» TASK BRIEF
From the entries that follow, reproduce exactly and only the lines from the line with "Cozy candlelit dinner" to the line with "- Bedrooms: The", endpoints included.

» DATA
BEGIN
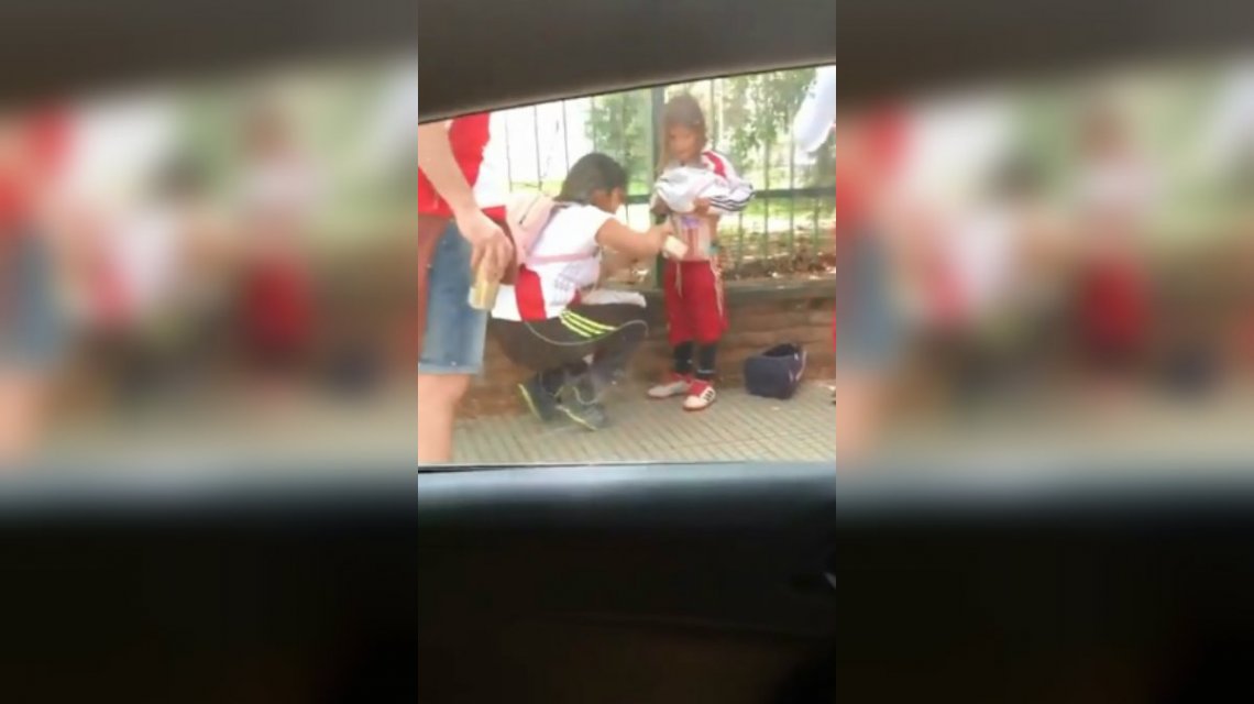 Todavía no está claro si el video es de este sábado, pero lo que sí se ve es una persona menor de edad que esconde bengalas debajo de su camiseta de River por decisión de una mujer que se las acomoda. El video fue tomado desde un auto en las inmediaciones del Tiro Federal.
END
BEGIN
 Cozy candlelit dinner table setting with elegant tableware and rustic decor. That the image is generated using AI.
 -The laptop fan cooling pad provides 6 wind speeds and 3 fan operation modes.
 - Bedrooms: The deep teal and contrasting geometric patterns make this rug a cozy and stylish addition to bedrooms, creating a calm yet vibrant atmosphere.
END
BEGIN
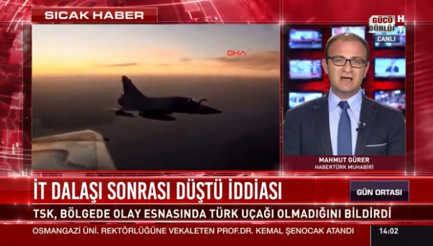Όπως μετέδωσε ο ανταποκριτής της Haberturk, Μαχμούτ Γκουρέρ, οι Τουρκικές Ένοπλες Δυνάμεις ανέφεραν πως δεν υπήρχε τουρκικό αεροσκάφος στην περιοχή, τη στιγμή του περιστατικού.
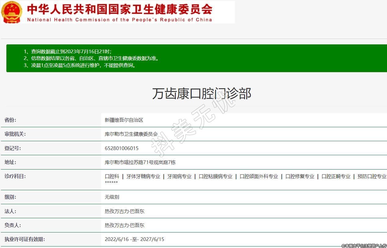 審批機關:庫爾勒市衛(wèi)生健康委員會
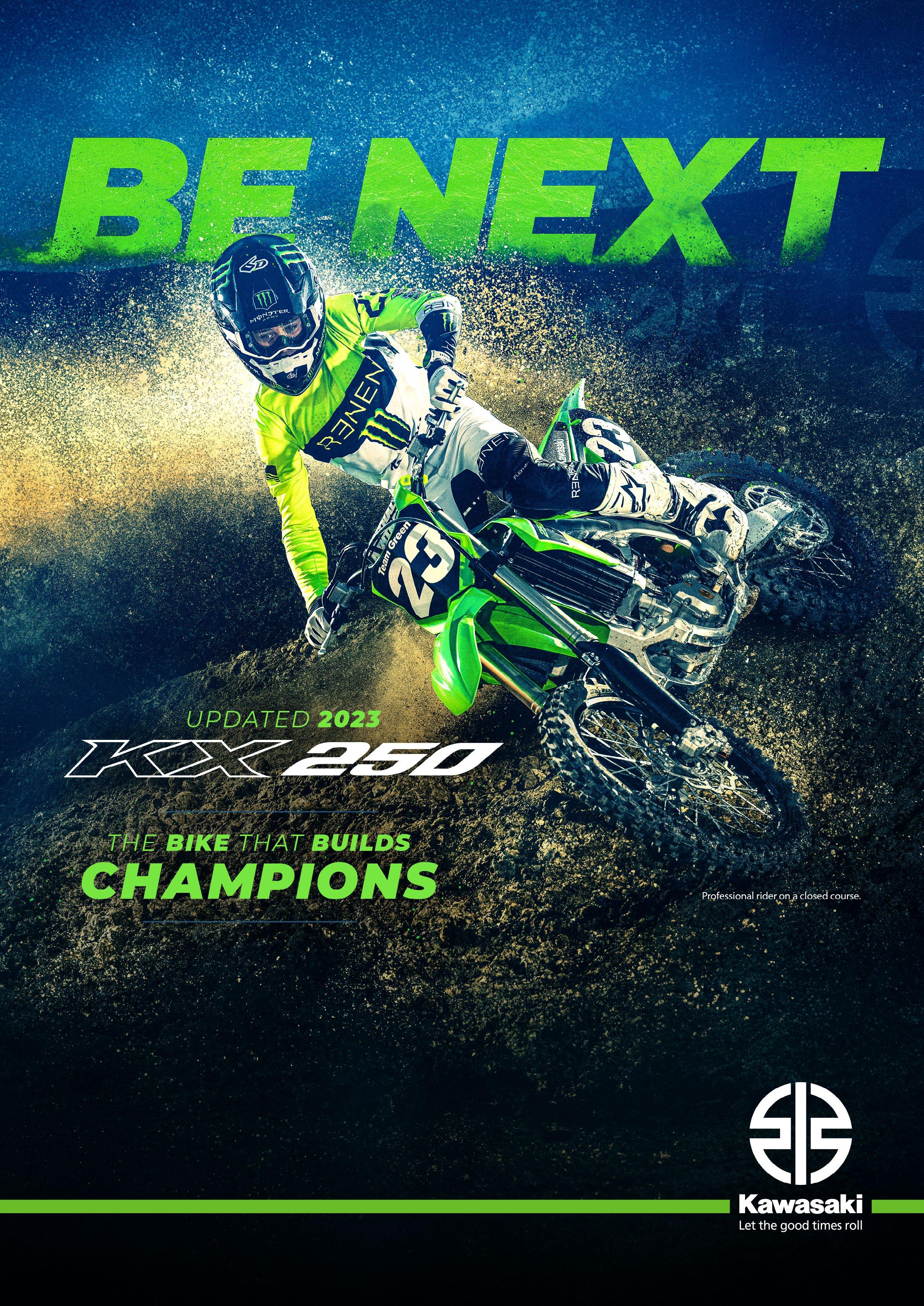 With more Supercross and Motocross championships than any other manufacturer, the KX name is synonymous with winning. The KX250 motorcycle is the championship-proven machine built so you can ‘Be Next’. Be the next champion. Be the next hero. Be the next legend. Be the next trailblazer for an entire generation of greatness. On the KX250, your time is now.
END
» ANSWER BOX
 Cozy candlelit dinner table setting with elegant tableware and rustic decor. That the image is generated using AI.
 -The laptop fan cooling pad provides 6 wind speeds and 3 fan operation modes.
 - Bedrooms: The deep teal and contrasting geometric patterns make this rug a cozy and stylish addition to bedrooms, creating a calm yet vibrant atmosphere.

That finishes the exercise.